Rich, Reichmann & Co.
Esperti che hanno condotto inchieste su Soros per conto del Dipartimento di Stato USA affermano che almeno 10 miliardi di dollari del Quantum Fund provengono da investitori "silenziosi", che preferiscono cioè l'anonimato, e che hanno chiesto a Soros di mandare in frantumi la stabilità monetaria europea. Questo spiega perché Soros, che si vanta di avere tra i suoi investitori la regina e le principali case bancarie inglesi, abbia colpito così duramente la sterlina nell'autunno del 1992. La contraddizione apparente svanisce tenendo conto del fatto che era il modo più sicuro di mettere in pratica la decisione strategica inglese di frantumare lo SME, che è la strategia thatcheriana per eccellenza.
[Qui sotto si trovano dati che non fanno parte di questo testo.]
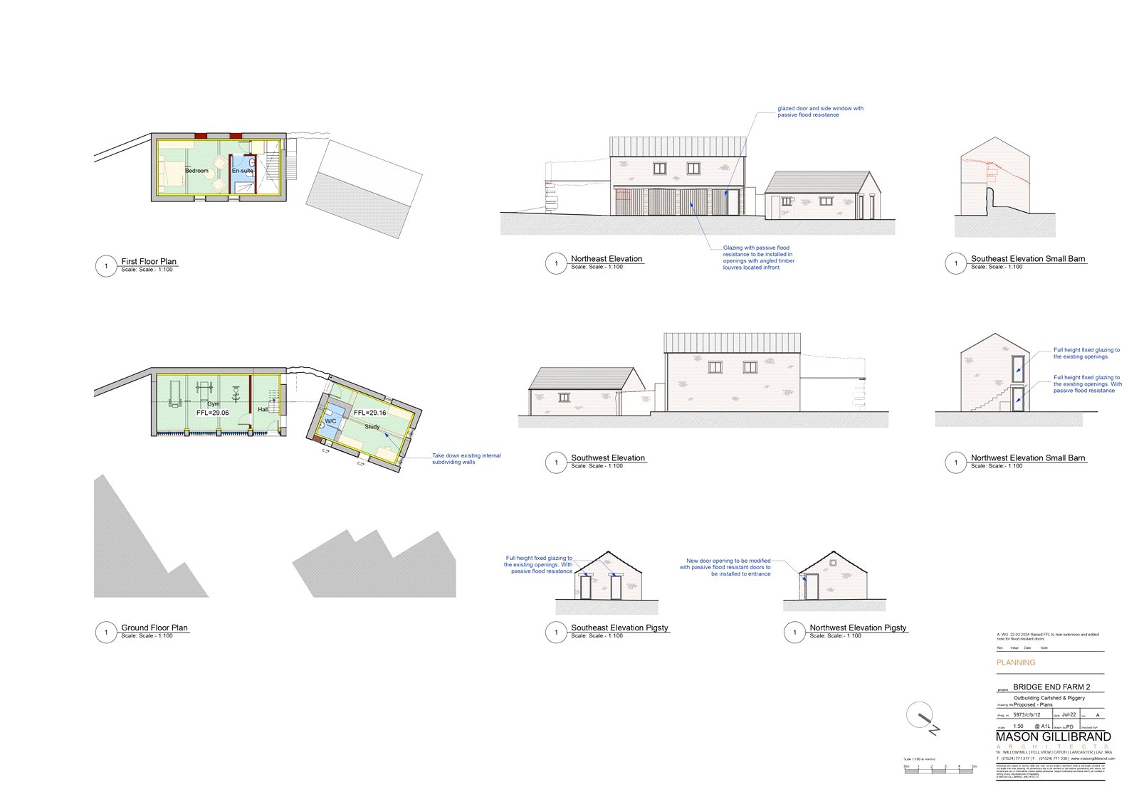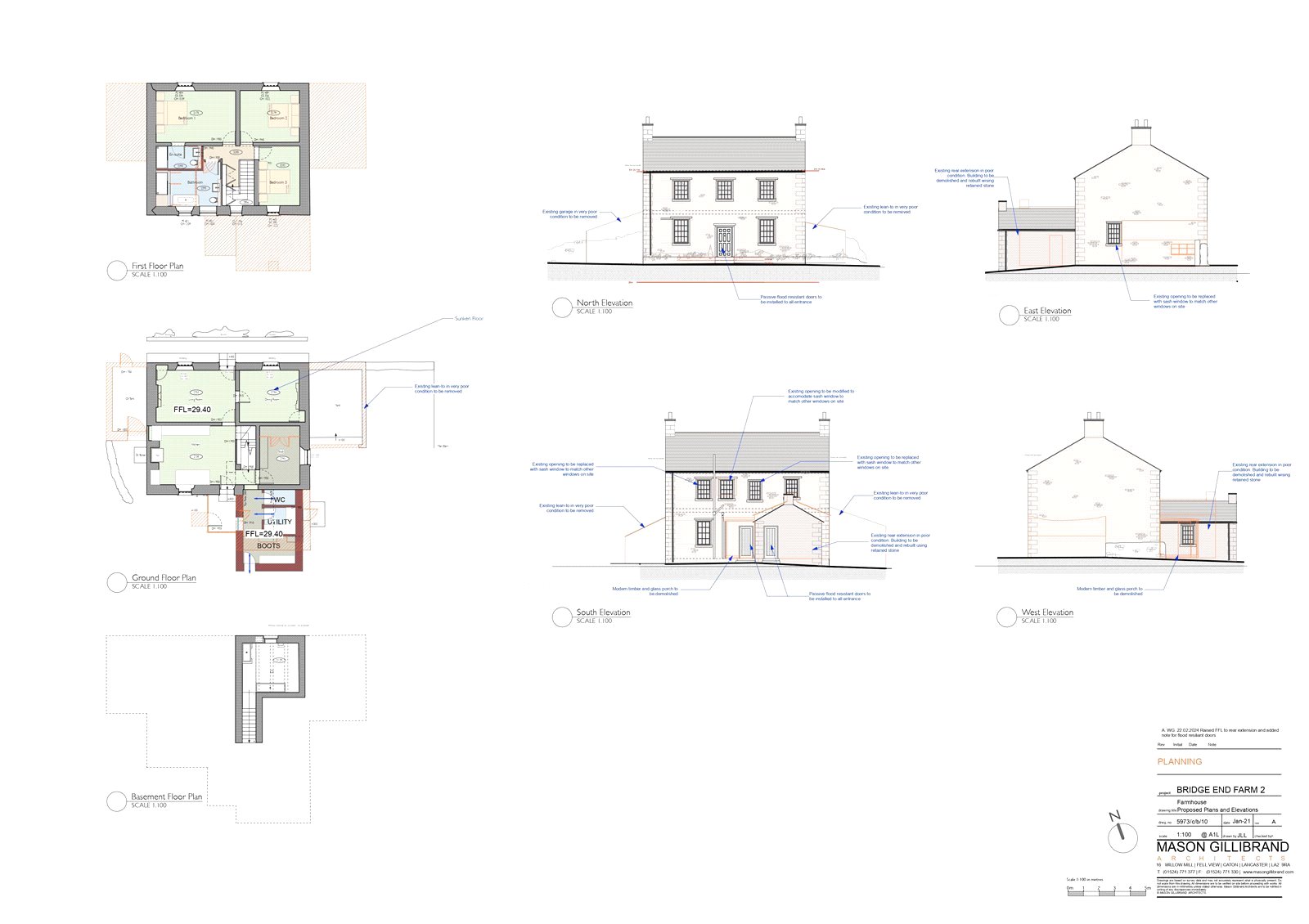 The farmhouse (166.5 sq m) offers exceptional potential for refurbishment, with accommodation including a utility area, boot room, kitchen, living room, dining room, study, three bedrooms (one ensuite) and a house bathroom. Adjacent is the charming former cart shed and piggery (86 sq m), offering full planning consent for conversion - a gym/workspace on the ground floor and an ensuite bedroom above. The planning also offers flexibility to be repurposed to suit your individual preferences, such as a self contained annex or guest suites. A separate detached building with a study and WC provides the ideal home office. These plans have been created to maximise both space and potential.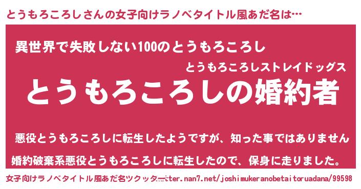 | 男性向けラノベタイトル風あだ名 | 『うちの娘の為ならば、俺はもしかしたらとうもろころしも倒せるかもしれない。』 |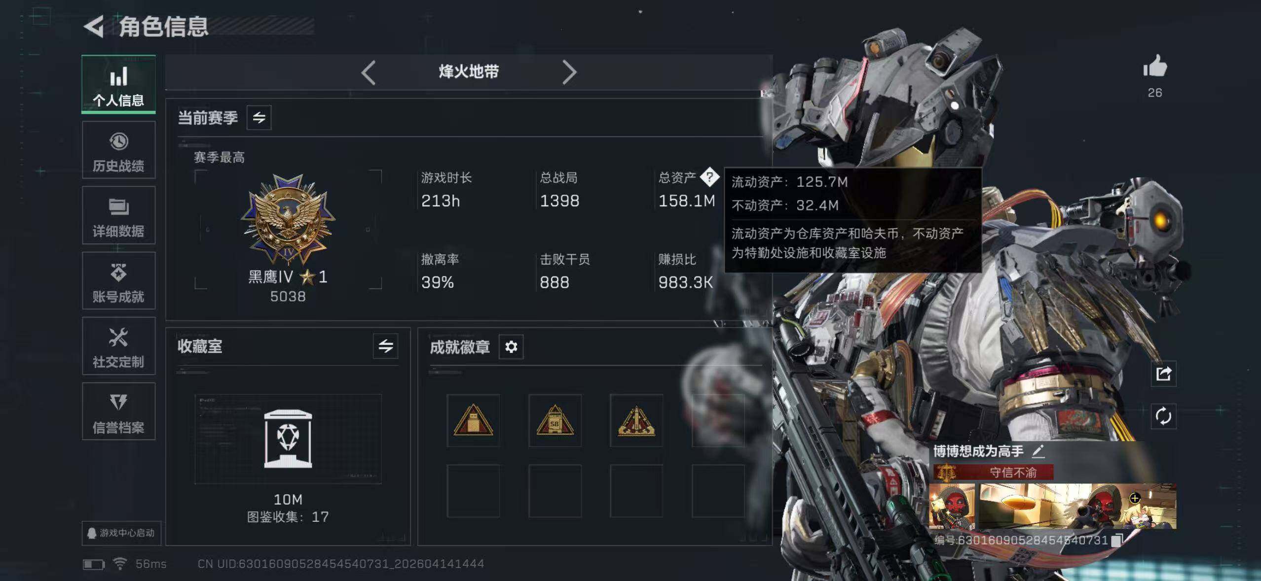 【SJ1753】159m总资产-85910k哈夫币-60烽火等级-铂金-23战场等级-上等兵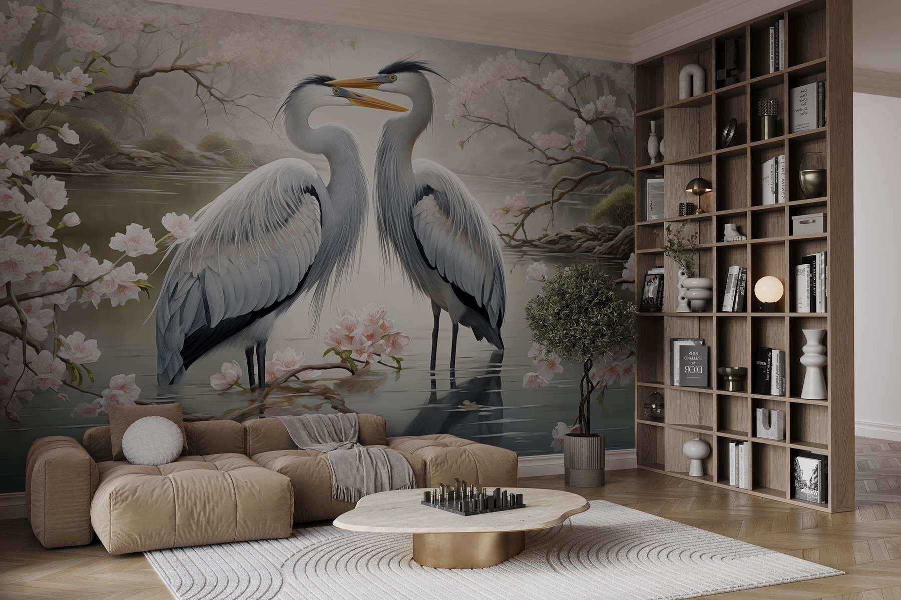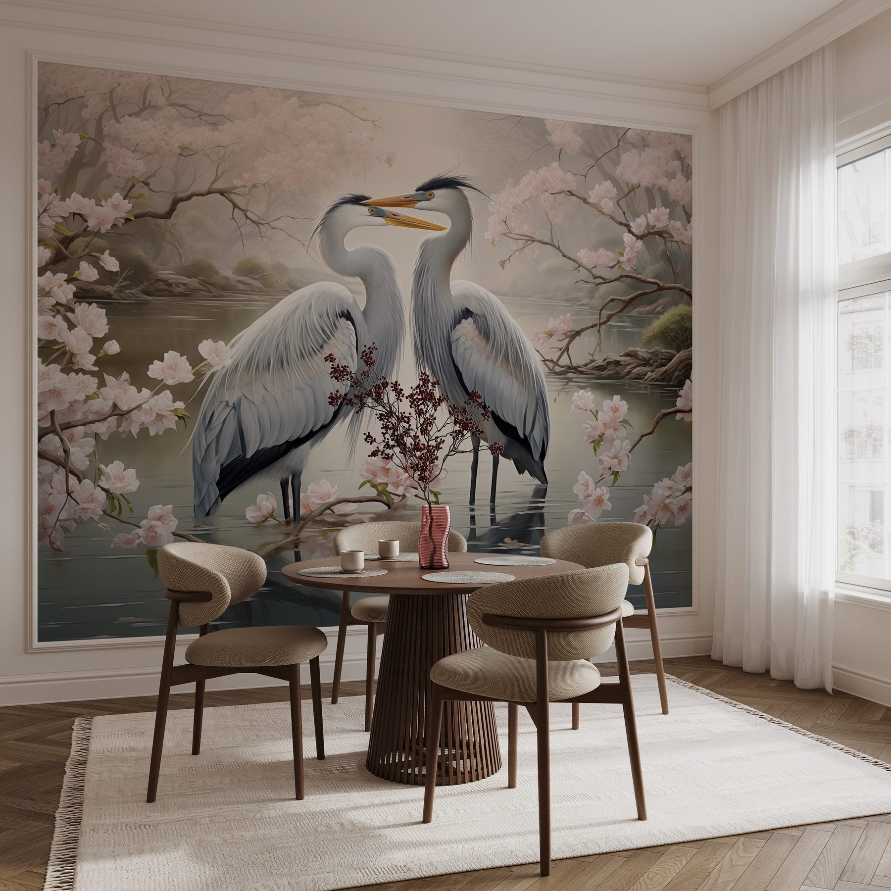 Μεταμορφώστε το χώρο σας με αυτή τη μαγευτική τοιχογραφία με ένα ζευγάρι χαριτωμένων λευκών πουλιών που στέκονται σε γαλήνιο νερό, περιτριγυρισμένα από ντελικάτα ροζ λουλούδια. Είναι σαν να έχετε ένα κομμάτι από έναν γαλήνιο ιαπωνικό κήπο στο σπίτι σας! Φανταστείτε να πίνετε τσάι καθώς το φως του ήλιου χορεύει στην επιφάνεια του νερού, ρίχνοντας παιχνιδιάρικες αντανακλάσεις. Οι απαλές αποχρώσεις της ακουαρέλας δημιουργούν μια φιλόξενη, ζεστή ατμόσφαιρα – ιδανική για μια γωνιά ανάγνωσης ή ένα ήσυχο καταφύγιο. Είναι μια υπέροχη υπενθύμιση της ομορφιάς της φύσης, και ειλικρινά, ποιος δεν θα ήθελε λίγο ρομαντισμό με φτερά στους τοίχους του; Φωτεινή, ευγενική και απόλυτα γοητευτική, αυτή η τοιχογραφία θα κλέψει σίγουρα την παράσταση – ακριβώς όπως αυτά τα πουλιά!

Tra gli investitori "silenziosi" vengono segnalati Marc Rich, un mercante di petrolio e di metalli ricercato dalla giustizia americana, e Shaul Eisenberg, ex pezzo grosso dei servizi segreti israeliani che fa il mercante di armi nel Medio Oriente ed in Asia. Il governo dell'Uzbekistan gli ha interdetto gli affari nel paese dopo aver scoperto una serie di truffe e corruzioni colossali. Un altro socio di Soros è Rafi Eytan che in passato teneva a Londra i collegamenti tra il Mossad e lo spionaggio inglese. Gli affari più grandi, trattando soprattutto alluminio e petrolio, Marc Rich li ha fatti in Unione Sovietica, poi Russia, tra il 1989 ed il 1993. In quello stesso periodo il Nordex Group di Grigori Luciansky raggiunse un fatturato di miliardi di dollari vendendo soprattutto alluminio e petrolio russi. Secondo il Wall Street Journal del 13 maggio 1993 le imprese di Rich in Russia sono finite sotto inchiesta per truffa.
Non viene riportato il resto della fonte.